Pitts., Cin. & St. L. Railway Co. v. Marshall

Decision Date22 October 1877
PartiesPittsburgh, Cincinnati and St Louis Railway Company <I>versus</I> Marshall.
CourtPennsylvania Supreme Court

Before AGNEW, C. J., SHARSWOOD, MERCUR, GORDON, PAXSON, WOODWARD and STERRETT, JJ.

Error to the Court of Common Pleas, No. 2, of Allegheny county: Of October and November Term 1876, No. 190.

Hampton & Dalzell, for plaintiff in error.—Frederick Marshall the plaintiff below, has no claim against the Pittsburgh, Cincinnati and St. Louis Railway Company, the defendant below, unless by virtue of the legislative resolution of January 21st 1843 (Purd.
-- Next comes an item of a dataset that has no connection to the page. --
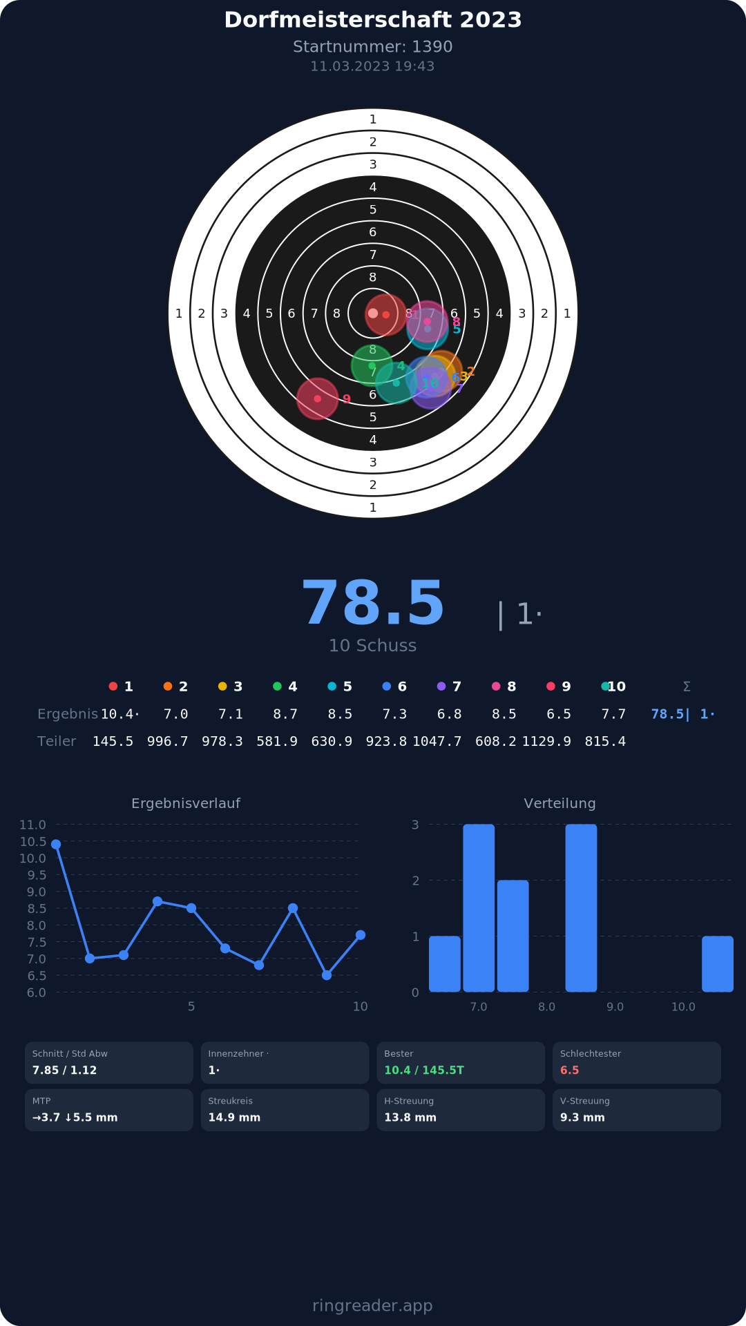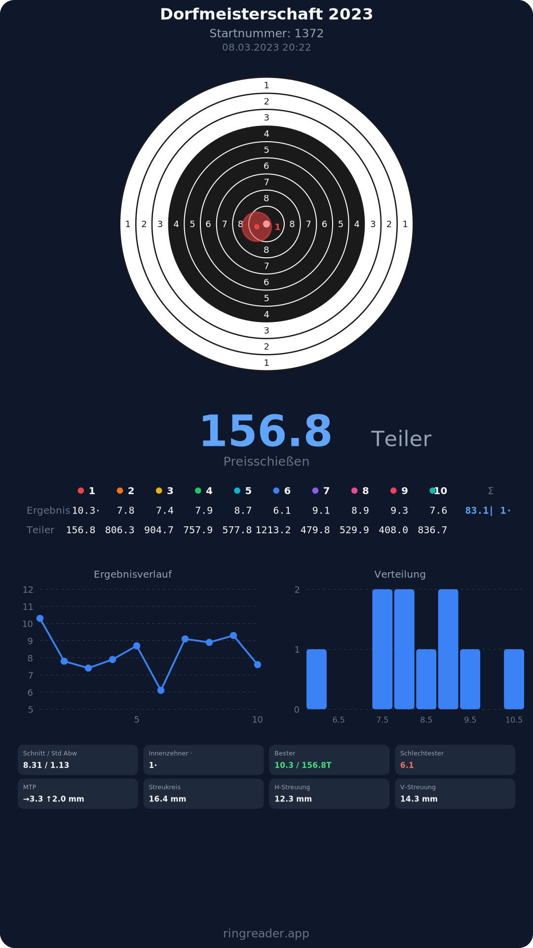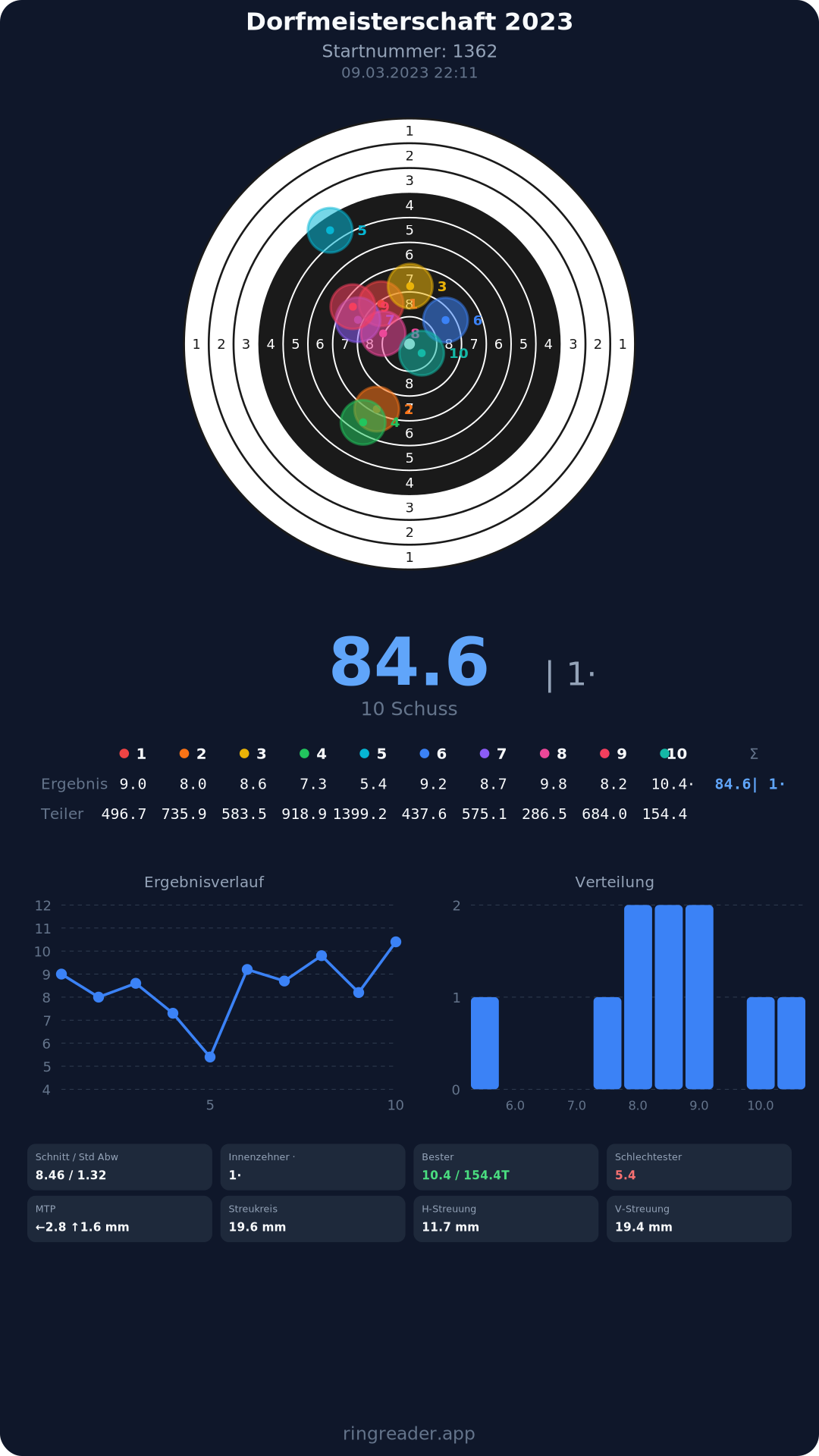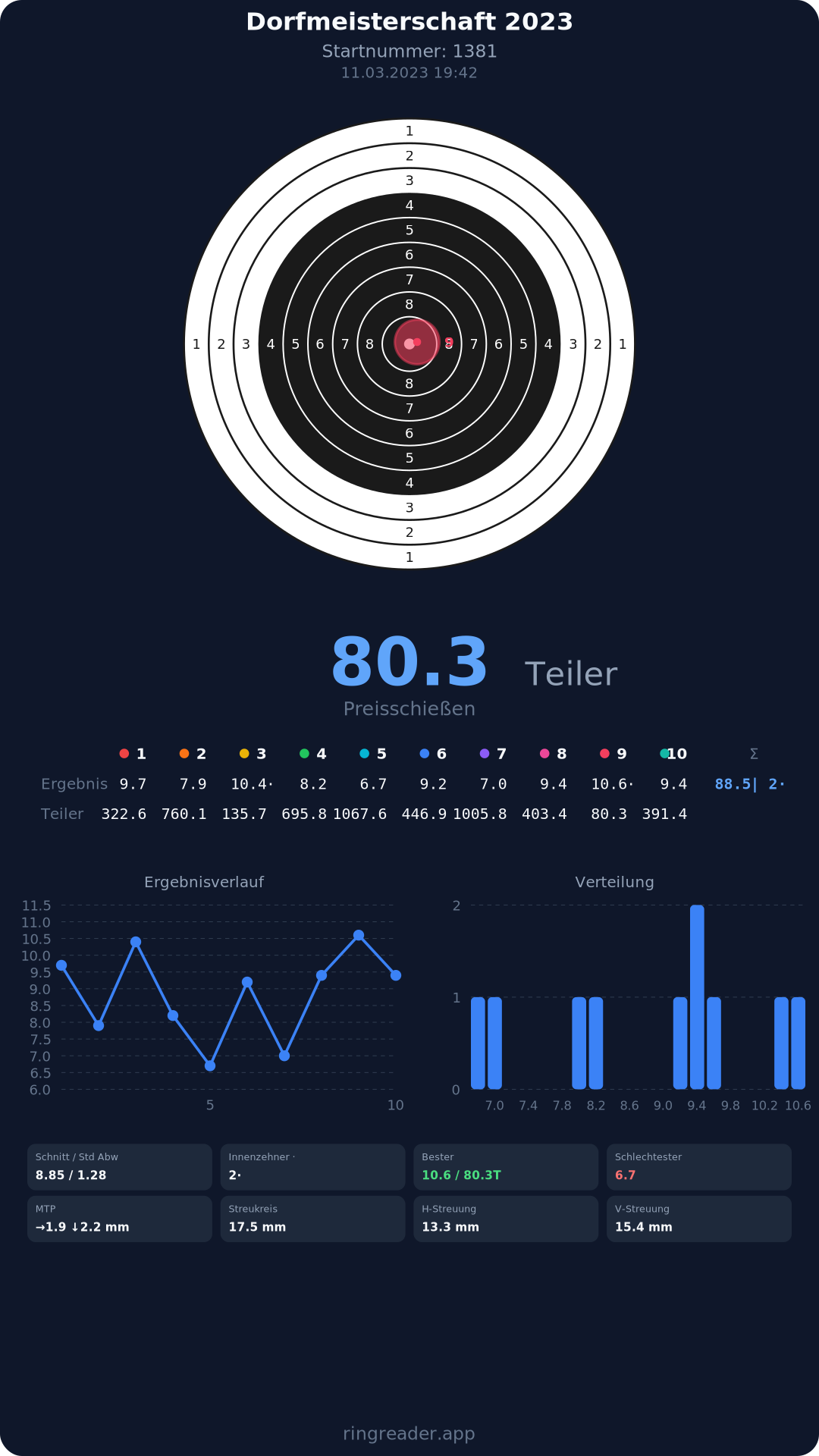 | 8 | 1371 | 86.3 Ringe |

Dig. 1, p. 90), which is in these words:

"It shall not be lawful for any company incorporated by the laws of this Commonwealth, and empowered to construct, make and manage any railroad, canal or other public improvement, while the debts and liabilities, or any part thereof, incurred by the said company to contractors, laborers and workmen employed in the construction or repairs of said improvement remain unpaid, to execute a general or partial assignment, conveyance, mortgage, or other transfer of the real or personal estate of the said company, so as to defeat, postpone, endanger or delay their said creditors, without the written assent of the said creditors first had and obtained; and any such assignment, conveyance, mortgage or transfer shall be deemed fraudulent, null and void, as against any such contractors, laborers and workmen, creditors aforesaid."

Marshall cannot invoke the protection of this resolution, because the mortgage, under which the defendant in error claims, was executed prior to the time when the Pittsburgh and Steubenville Railroad Company's liability to Marshall arose. He did not become a creditor of the company until May 12th 1862, while the mortgage was executed August 1st 1856.

The evidences of his claim are two orders on the Pittsburgh and Steubenville Railroad Company, dated September 16th 1856, accepted by said company May 12th 1862, and an acknowledgment of indebtedness presumably of the latter date. There is no averment in the affidavit of claim that these accepted orders represent the price of work done prior to August 1st 1856, or that the certificate of indebtedness is for work done at all; and certainly no presumption exists to supply a material averment omitted in the plaintiff's own statement of his case.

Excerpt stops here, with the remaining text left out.